Nutrition and Aging
Older adults are among the most at-risk individuals in the community due to insufficient food intake and nutritional issues, making it crucial to pay special attention to their nutrition. Ensuring adequate and balanced nutrition in old age is essential for maintaining, improving, and enhancing health, as well as for increasing lifespan and quality of life.
Nutritional Recommendations for the Elderly
1. Ensure Variety in Foods
Essential nutrients for human life are found in different amounts across various foods. There is no single "miracle" food that provides all the nutrients the body needs. Foods can be classified into four main groups based on their nutrient content:
- Protein Group: This includes meat, chicken, fish, turkey, eggs, and legumes. Foods in this group are rich in protein, iron, zinc, and some B vitamins. Legumes are also high in fiber.

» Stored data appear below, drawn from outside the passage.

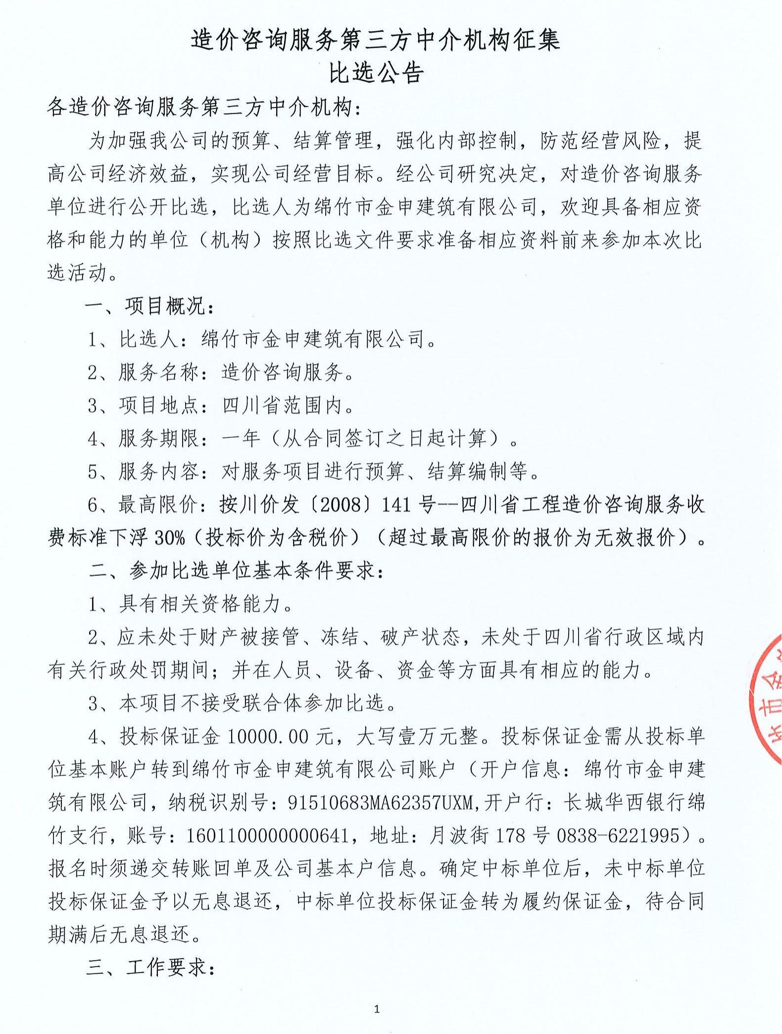 造價(jià)咨詢(xún)服務(wù)第三方中介機構征集比選公告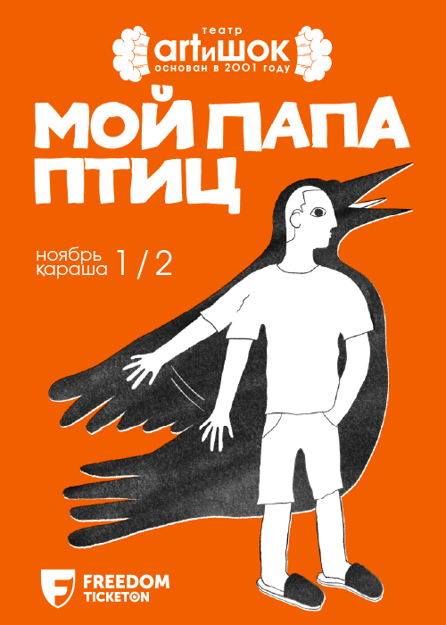 Tеатр ARTиШОК в дни зимних школьных каникул приглашает на классный детский спектакль «Мой папа – птиц»! Основа истории – потрясающая книга Дэвида Алмонда в переводе Ольги Дробот, источник вдохновения для детей и взрослых. Главные герои: девочка Лиззи и ее папа, который однажды решил, что он – человекоптиц. А самое главное, он хочет и будет принимать участие в конкурсе летунов, да еще и в канун Нового года!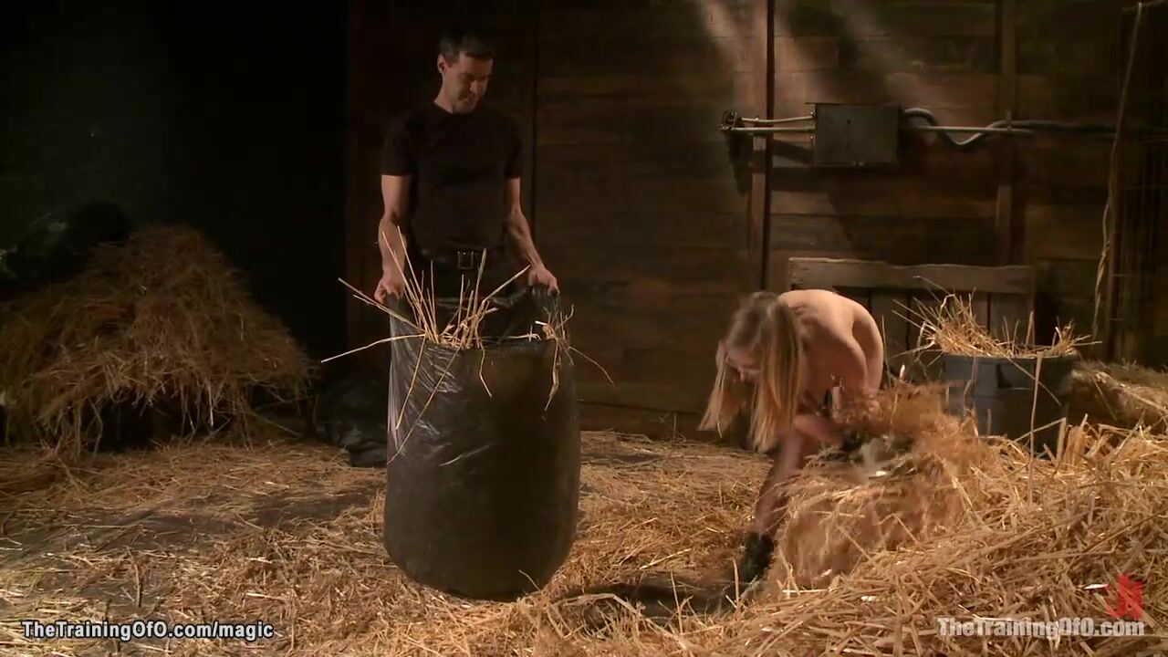 Busty petite blonde babe Penny Pax in back arch bondage vibed and whipped then holded for hair made suck big dick till on all four anal fucked by gimp Owen Gray

- Dairy Group: Includes milk, yogurt, cheese, ayran, kefir, etc. Foods in this group are rich in protein and calcium. They are also good sources of fat, phosphorus, magnesium, and some B vitamins.
- Grains and Cereal Group: Includes wheat, rice, corn, and products made from these such as flour, bread, pasta, noodles, bulgur, etc. This group contains less protein compared to the meat and dairy groups and is the primary source of carbohydrates.
- Vegetable and Fruit Group: All types of fresh vegetables and fruits fall into this category. Foods in this group are particularly rich in vitamins, especially vitamin C, as well as many minerals and fiber.
To maintain a healthy and balanced diet, meals should be designed to represent these four food groups. This can only be achieved by ensuring variety in the foods consumed.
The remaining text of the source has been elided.